冬すみれ雑記帳

山を歩いたり、お能を見たり。

和ろうそく能「敦盛」を見ました 続き

 能「敦盛」は全部を上演すると1時間半ほどかかる曲です。ここでは時間の制限があるので、半能、つまり後シテの部分だけが上演されました(その中でも、省略された部分があったかもしれません)。


 西宮能楽堂では半能の形での上演が多いです。ここで解説付きで半能を観てとっかかりをつかみ、いずれほかの機会に全部を観ればより深く味わうことができる、ということだろうと私は理解しています。

 和ろうそくが灯され、照明は消されました。普段は経験することのないような暗さです。囃子方地謡が登場すると、衣擦れの音でしょうか、着物や袴がすれ合うサラサラという音が大きく聞こえます。普段の能舞台ではほとんど意識しない音です。

 ワキが登場します。先にも書きましたように、敦盛を討った熊谷直実が出家して蓮生と名乗った姿です。
 名乗りの後、ワキ座へ進むとき、足袋が床をする音が響きました。脇座でターンして舞台中心に向いて座るときには足元に強い圧力がかかるのでしょう、キュッキュッという音が大きく聞こえて、少々驚きました。
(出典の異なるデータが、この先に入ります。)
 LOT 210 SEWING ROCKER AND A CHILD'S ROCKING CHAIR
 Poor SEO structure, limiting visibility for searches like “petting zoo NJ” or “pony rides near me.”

視覚を制限されると、途端に、聴覚が鋭くなるようです。

 後シテの敦盛が登場します。貴族の若者の出で立ち。豪華な装束です。演じるのは梅若基徳さん。この方は体が大きいので、16歳の少年にはちょっと不向きだなあと感じてしまいました。

 いつもの上演では向かって右の壁にプロジェクターで謡の詞章が表示されるのですが、この日はさすがにそれはありませんでした。そこまで予想しておらず、詞章の下調べをしてこなかったのを少し悔いました。
 でも、敦盛と熊谷直実をめぐる話は大幅に脚色されて歌舞伎の「熊谷陣屋」でたびたび見ています。聞き取れる言葉を拾って、なんとか理解しようと努めました。

 ところが、お囃子の威勢が良すぎて、シテの謡も地謡も十分聞き取れない部分が多かったです。ここはもう少し音量のバランスを考えて欲しいものです。
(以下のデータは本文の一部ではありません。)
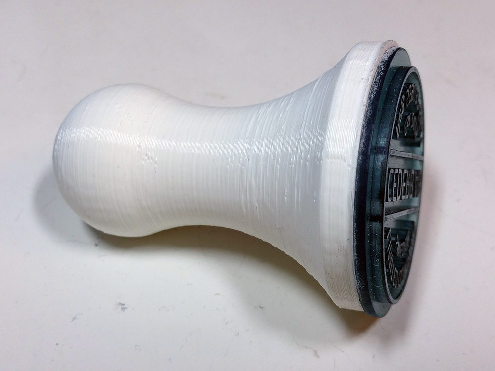 The handle is printed in some white crappy PLA really fast (15mm3/sec with 0.6mm nozzle, thin walls and 20% infill), and the stamp surface is printed in Formlabs tough resin on the Form1+
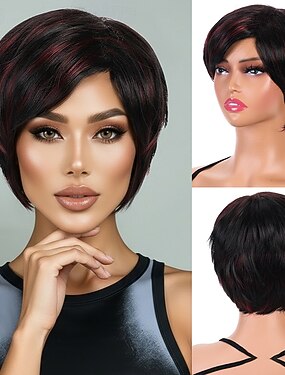 Perucas sintéticas Reta natural Bob curto Parte lateral Peruca 8 polegadas Preto / Vermelho Cabelo Sintético Feminino Côr Misturada
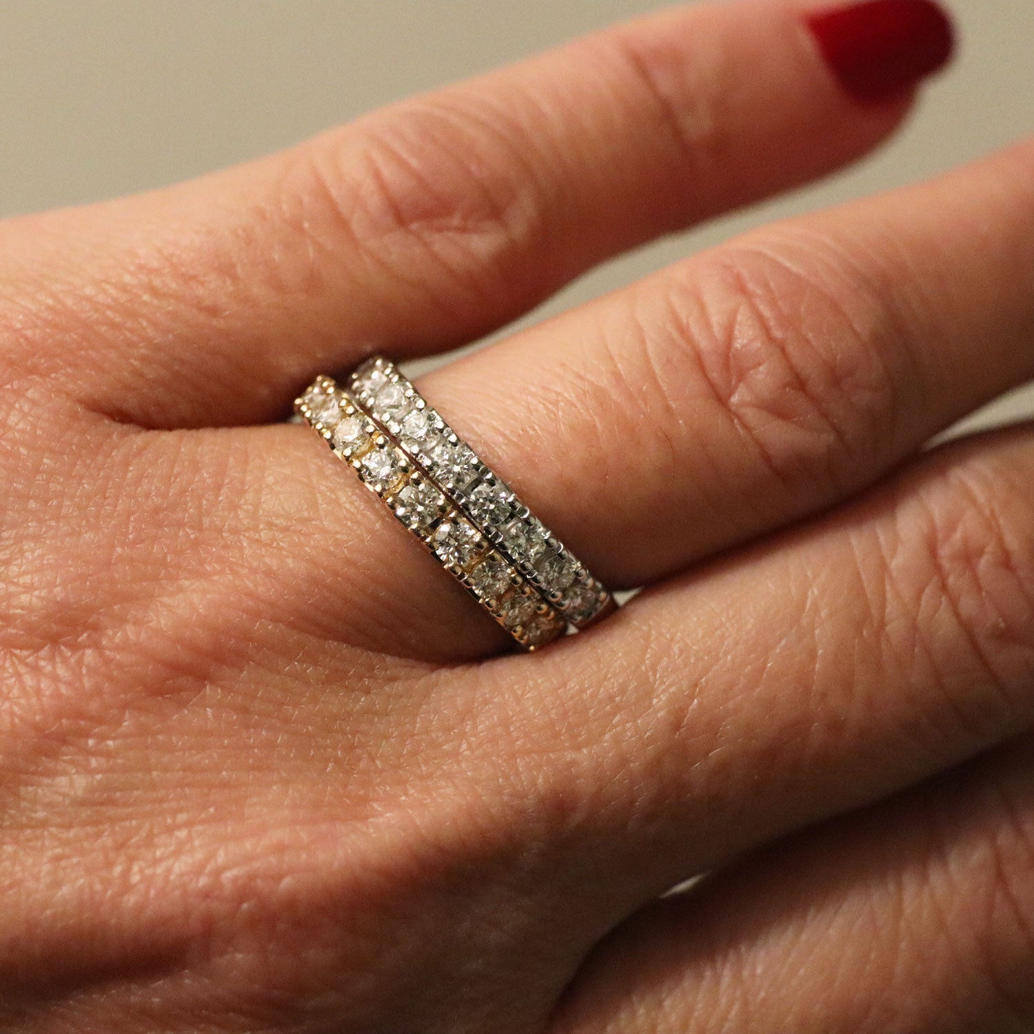 Designet er klassisk og raffineret, hvilket gør ringen ideel både som vielsesring, jubilæumsgave eller som en luksuriøs tilføjelse til din personlige smykkesamling. Den kan bæres alene for et rent og sofistikeret udtryk – eller kombineres med andre ringe for et mere personligt look.

 蓮生は敦盛の供養のために須磨を訪れます。その夜、蓮生の前に敦盛の霊が現れ、生前の復讐をしようとします。蓮生は念仏の功徳の前に因縁など存在しないと告げ、敦盛は懺悔として生前の様子を物語ります。
 やがて再び妄執の心を起こした敦盛は蓮生に斬りかかりますが、一心に弔う蓮生の姿を見て回心し、「あと弔うてたべ」と告げて消えていきます(当日配られたパンフレットより。一部書き換えています)。
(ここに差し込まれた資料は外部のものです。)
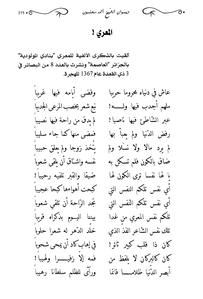 ألقيت بالذكرى الألفية للمعري "بنادي المولودية" بالجزائر "العاصمة" ونشرت بالعدد 8 من البصائر في 3 ذي القعدة عام 1367 للهجرة.
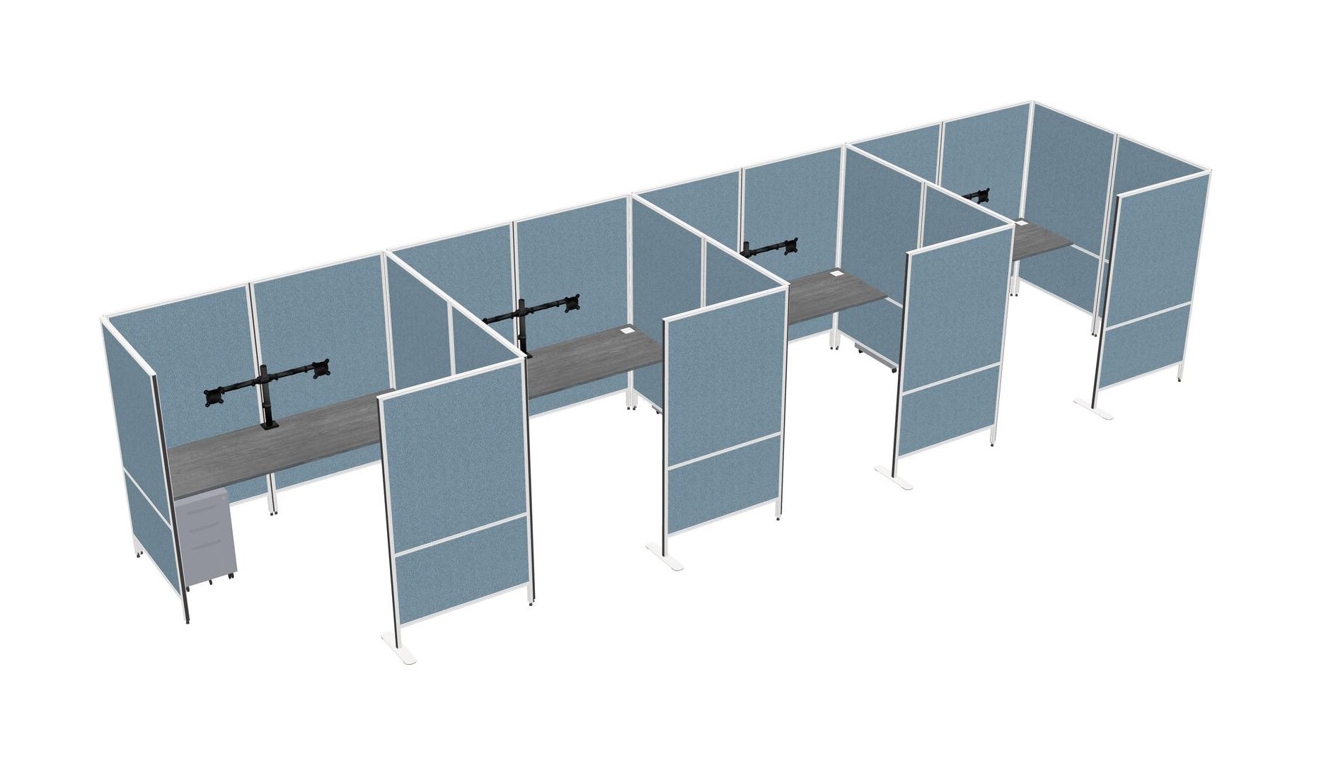 Grey Flexible Panel System With Privacy For 4 + Metal Mobile Drawers + Monitor Arm (double Arms)

 そうでなくても面をつけると視界は極端に狭くなるのに、和ろうそくのほのかな灯りだけで舞うとは、すごいことです。しかもかなりテンポの速い舞なのです。
 敦盛から伝わってくるのは憎しみや悲しみといった生の人間の感情ではなく、生者とも死者とも分かち難いものの存在感でした。
 戦さなどするよりも、大好きな笛を吹いていたかった16歳の少年。彼がまとっている空気が風のように感じられ
ました。

 殺した側の人間が、殺された人間の亡霊の恨みを鎮め、弔う。なんという発想の大転換でしょう。
 世阿弥の作です。現代人に十分通じる作品だと思います。

 次回は8月4日(土)。引き続き「和ろうそく能」で、半能「夕顔」が上演されます。